The building where Mandl students have been entering and studying to begin their careers in healthcare for decades, 254 W 54, is one of the most culturally famous buildings in NYC. It's true! This address has been home to opera houses, CBS TV and the Johnny Carson Show, the infamous Studio 54, Roundabout Theatre Company, and of course Mandl School.
254 West 54th Street has a narrow office section fronting 54th Street, clad in buff-colored brick above a 3-story limestone base. It opened as the Gallo Opera House and transformed into the New Yorker Theatre in 1930. CBS purchased the space in 1942 and made it the home of renowned television shows like "The Johnny Carson Show." CBS sold the space in the late 1970s, and the new owners transformed the space into the most legendary nightclub of the disco-era, Studio
54.
The ground floor, painted black, has three entrances - the larger, center one has four glass doors below a large marquee, and accesses the Roundabout Theater Company at Studio 54. The west entrance is to the Mandl School, and has glass-and-metal double-doors and sidelights set in a steel frame, below a small, angled, blue canvas canopy. The east entrance has three glass door next to a red-painted wooden door that accesses Feinstein's 54 Below restaurant and cabaret. The base is capped by a stone
cornice with large modillions and four bracketed forms at the main piers, each with a carved statue of muse figures.
The upper floors have four single-windows in the middle, and end bays of double-windows with black iron mullions. Between the 4th & 5th floors the brick spandrels have stone ribs, and the end piers have vertical stone panels, while the middle two piers have shallow, arched niches. On the floors above the windows have stone sills and brick lintels. The end bays set back above the 11th floor, with the middle bays setting back above the 13th.

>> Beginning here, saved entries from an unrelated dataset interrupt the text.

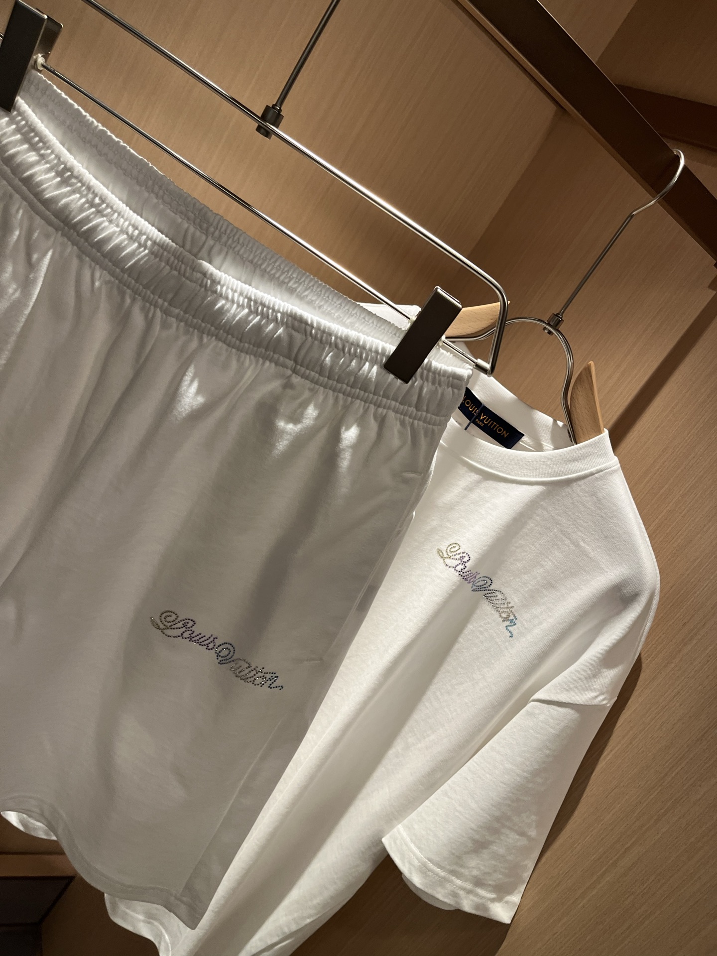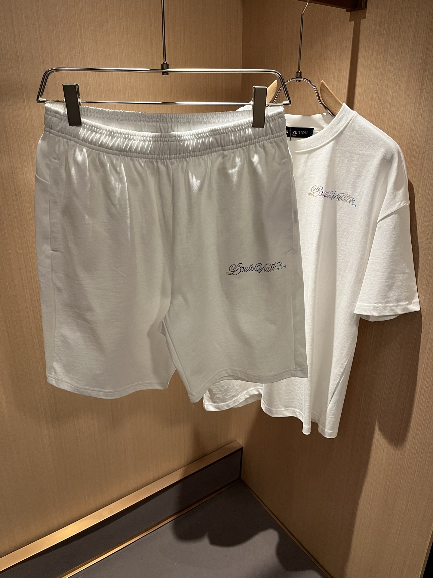 LouisVuitt* Louis * has launched its new Spring/Summer 2025 collection. This is a very fashionable and avant-garde casual suit for both men and women, with the logo pattern decorated with hot diamonds! Different from the past, it proclaims the brand's design philosophy that has been passed down for many years! Its eye-catching appeal is no less than that of any classic style, perfectly presenting a sense of fashion, luxury and sophistication to the world! This product is made of 100% imported cotton material from customers. It is made of high-quality 260g pure cotton fabric, which feels soft, soft, skin-friendly and delicate. The actual product will definitely exceed your imagination. It is extremely comfortable and breathable when worn close to the body. Even if you are sweating profusely, there will be no feeling of stickiness or stuffiness. It has maximized the sweat-wicking and moisture-absorbing properties! Size: M-2XL
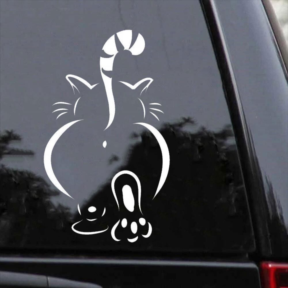 車 ステッカー キャット 猫 ネコ お尻 愛猫 後ろ向き 給油口 おもしろ バイク かっこいい カー用品 おしゃれ 転写式 白 st0896
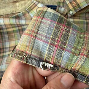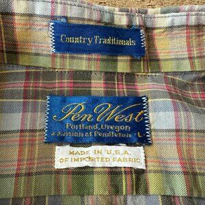 Traditional Pen West country plaid button-down shirt, size large, with short sleeves. Made in the USA, it has minor cuff damage. Perfect for casual or semi-formal occasions.
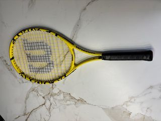 Raqueta de tenis Wilson para niños con diseño de Minions. Su color amarillo la hace muy llamativa. tamaño 3 7/8 - Marco de color amarillo. - Diseño inspirado en Minions. - Cuerdas negras.
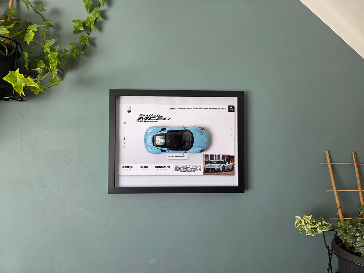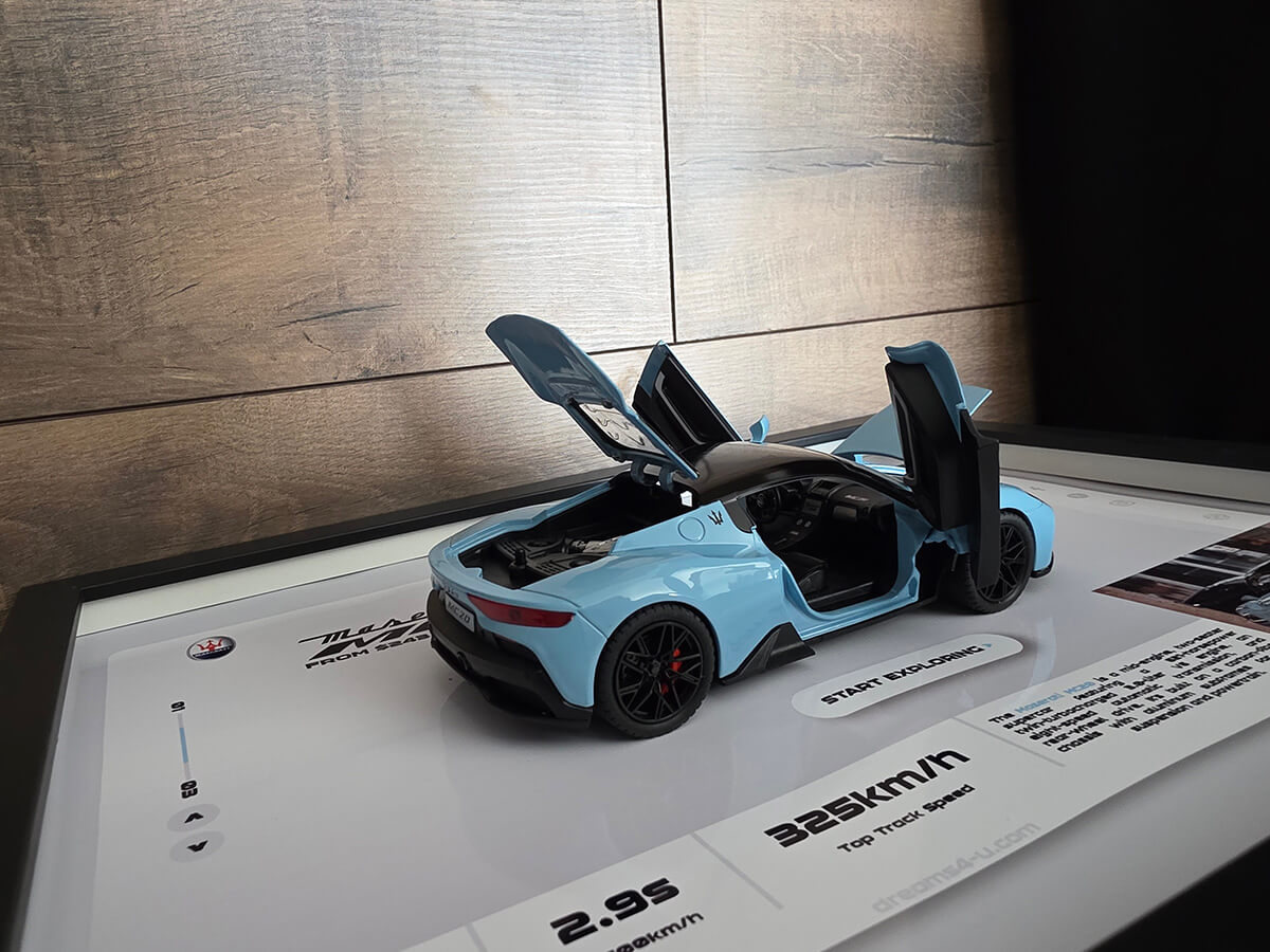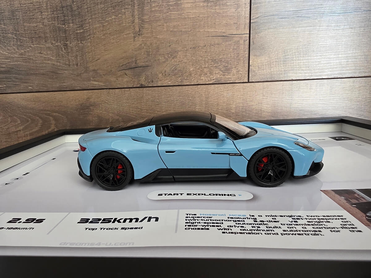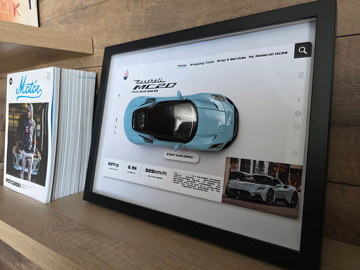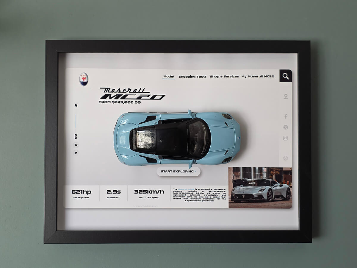 Otrzymujesz więc kompletne dzieło gotowe do ekspozycji – postaw je na biurku lub zawieś na ścianie. Każdy szczegół Twojego nowego obrazu 3D z Maserati MC20 przypomina o pasji do motoryzacji i prędkości. Masz w garażu własne Maserati? Teraz powieś je także na ścianie! Jeśli jeszcze go nie masz, z DREAMS4U możesz je zwizualizować w swoim wnętrzu. Spełniam Twoje marzenia motoryzacyjne, przenosząc je do codzienności. Wystarczy jedno spojrzenie na błękitne Maserati MC20, by poczuć dreszcz emocji wyścigowego ducha. Wybierz ekskluzywną dekorację, która uzupełni wystrój i podkreśli Twój styl – każdy dzień z nią krok bliżej do realizacji Twoich najodważniejszych marzeń o Maserati MC20!

The rear facade on 53rd Street is clad in beige brick. The ground floor has a freight entrance at the east end, and poster boxes to the left. The 2nd-4th floors have four bays of single-windows, and a smaller windows inserted between the western two. They have brick sills, and at the 2nd floor the four main bays have brick round-arches on top. A large, angled sign is attached to the upper floors.